Alternatively, this could be a sign of an identity crisis at Facebook. Google+
and Twitter use them to group conversations logically, whereas Facebook groups
things by people. Unless they switch back to everything being public by
default, what's the point?

------
themckman
I literally thought they were trying to INCORPORATE the hashtag. They're
really working on implementing it.

------
lucb1e
As a frequent Google+ and infrequent Twitter user, I was surprised to discover
a few days ago that Facebook had no such thing as browsing popular posts,
trending topics, hashtags, or anything that would connect people without being
a friend of a friend yet. I thought it really sucked, so I guess this became
about time.

Now they only have to get rid of showing my friends the posts that I liked
from others. I'm not sure how the settings work, but it really feels like a
big privacy intrusion. That's probably why Facebook thinks it's a feature
though.

------
danmaz74
If Facebook is going to integrate hashtags into its working, I also hope
they'll make it easy to collect information about them through APIs. I'd like
to get data from Facebook for hashtagify.me

------
mickdarling
For outside services that try to parse and group content, if they implement
searching via the API well it could be very useful. Related content is the
thing that this would be quite useful for.

------
vacipr
Let's hope they don't make another waiting list for this.

------
acoyfellow
Next step: roll out ways to monetize hashtag for brands (marketing tools?)

------
flexxaeon
Been expecting this ever since hearing the 'rumor'.

------
apl002
first poke, now this...#comeonfacebook

------
pasbesoin
Wouldn't some level of support fall out of their graph search, by default?

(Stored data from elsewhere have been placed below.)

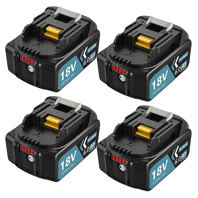 <br>互換マキタ 18v バッテリー商品仕様 <br>型番:BL1860B <br>電圧:18v <br>容量:6.0Ah(6000mAh 容量) <br>種類:リチウムイオン電池(Li-ion) <br>個数 : 4個セット <br>着脱方式:スライド式 <br>急速充電器 DC18RA / DC18RB / DC18RC / DC18RD / DC18SF / DC18SE /DC18SD/ DC24RCなどに対応できます。 <br>正規の充電器と自社の充電器だけで対応していますので、他の非正規充電器も充電できない場合があります。ご注意ください~ <br><br>【対応機種】<br> コードレスドリル BDF451SFE, BDF452HW; モードインパクトドライバ TP144D, BTP140, BTP140Z <br> アングルインパクトドライバ TL061D, BTL061, BTL063; スクリュードライバ BFR550L, BFR550Z, BFR750, BFS450 <br> コンクリートバイブレータキッド BVR350, BVR450, BVR850; インパクトレンチ TW251D, TW450D, BTW251, BTW253, BTW450 <br> マルノコ HS630D, BSS610, BSS610SFE, BSS610X2, BSS610Z, BSS611X, BSS611Z, BCS550, BSS501 <br> ハンマドリル HR202D, HR202DRFX, HR202DZK, BHP451, BHR240, BHR202, BHR202RFE, BHR202Z, BHR240, BHR240Z, BHR241, BHR241Z <br> インパクトドライバ TD145D, TD144D, BTD140, BTD140Z, BTD141, BTD1444; <br> ドライバドリル HP454D, BDF451, BDF454Z, DF454D, HP454DZ, BDF442RFE, DF445D
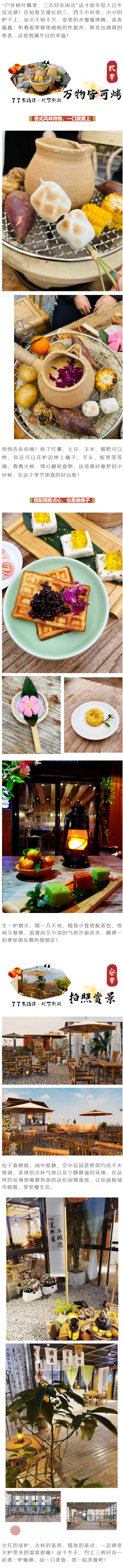 258元柿事如意四人围炉煮茶套餐 【品】茶(7选4) 金骏眉(煮红茶) 正山小种(煮红茶) 铁观音(乌龙茶) 竹叶青(绿茶) 滇红烤茶*(炭火焙茶) 竹筒奶茶(乌龙茶) 盖碗茉莉花茶(花茶) 【茶食 】粗粮 红薯 土豆 玉米 小吃 核桃 板栗 棉花糖 花生 柿子 橘子 香蕉 花生 红枣 【茶点】 桃酥 蛋小乖坚小果 绿豆糕 爆小贝绿豆味 碳炉含配碳 (加碳需额外加钱18元/份,可燃3-4小时) 茶盏4位
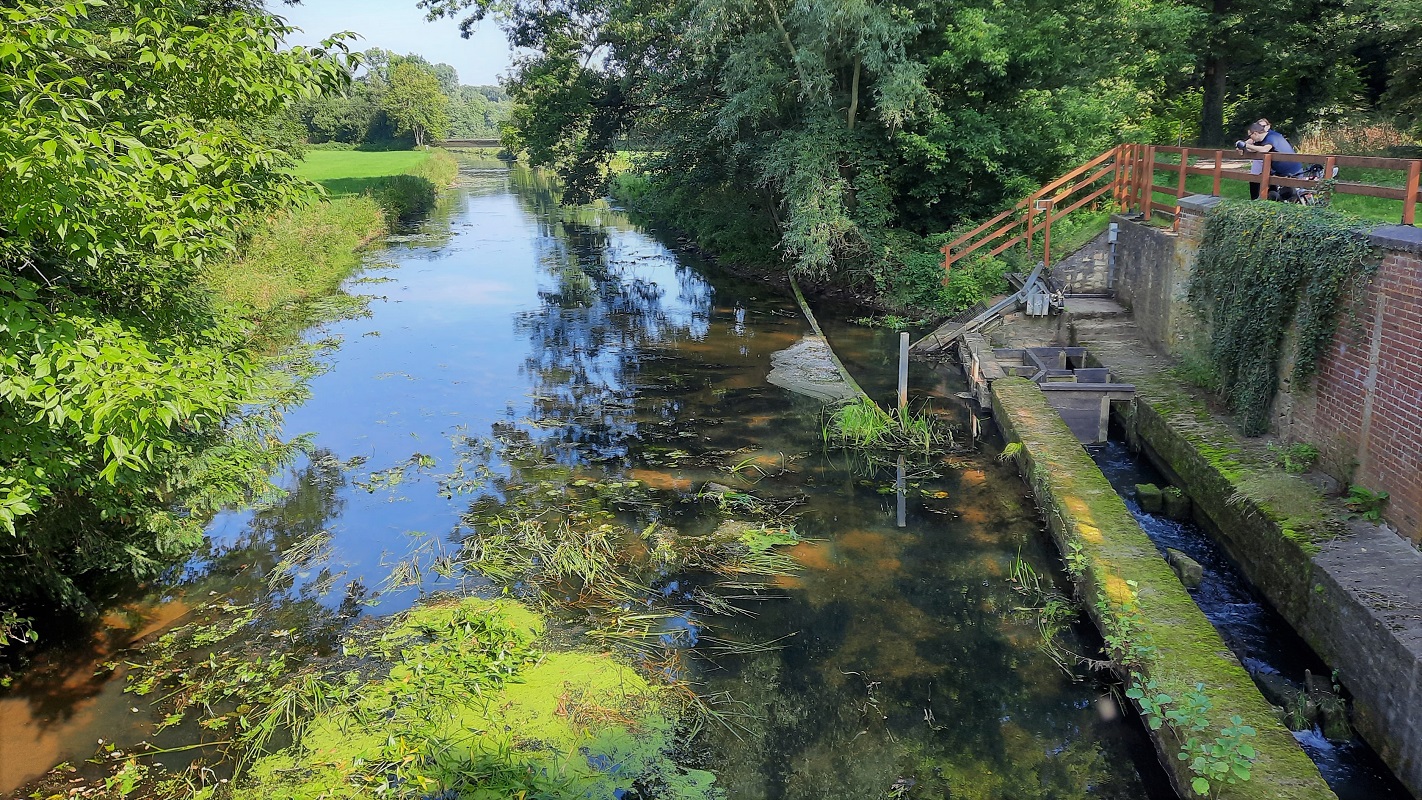 Wir sind jetzt deutlich auf dem Rückweg nach Münster. Südlich von Billerbeck schauen wir uns die aufwändig renaturierte Berkelquelle an. Lustig sind die vielen Enten, die es schaffen, sich gründelnd durch heftige Fußbewegungen auch noch vorwärts zu bewegen. Das hat in der Form noch keiner gesehen.

I couldn't bring myself to more than skim the WSJ article, and I haven't used
FB's graph search. But if you can search for "people I can reach/see" union
"word" [where word can be e.g. #foo], it seems to me the userbase is already
partways towards support, before FB does anything further.

I guess this leaves me wondering whether or not graph search already indexes
"#foo", or whether it doesn't yet understand #foo as an targeted entity
construct.

If #foo is already understood and indexed, then is this initiative then a
matter of providing optimized aggregator UI's and/or API's?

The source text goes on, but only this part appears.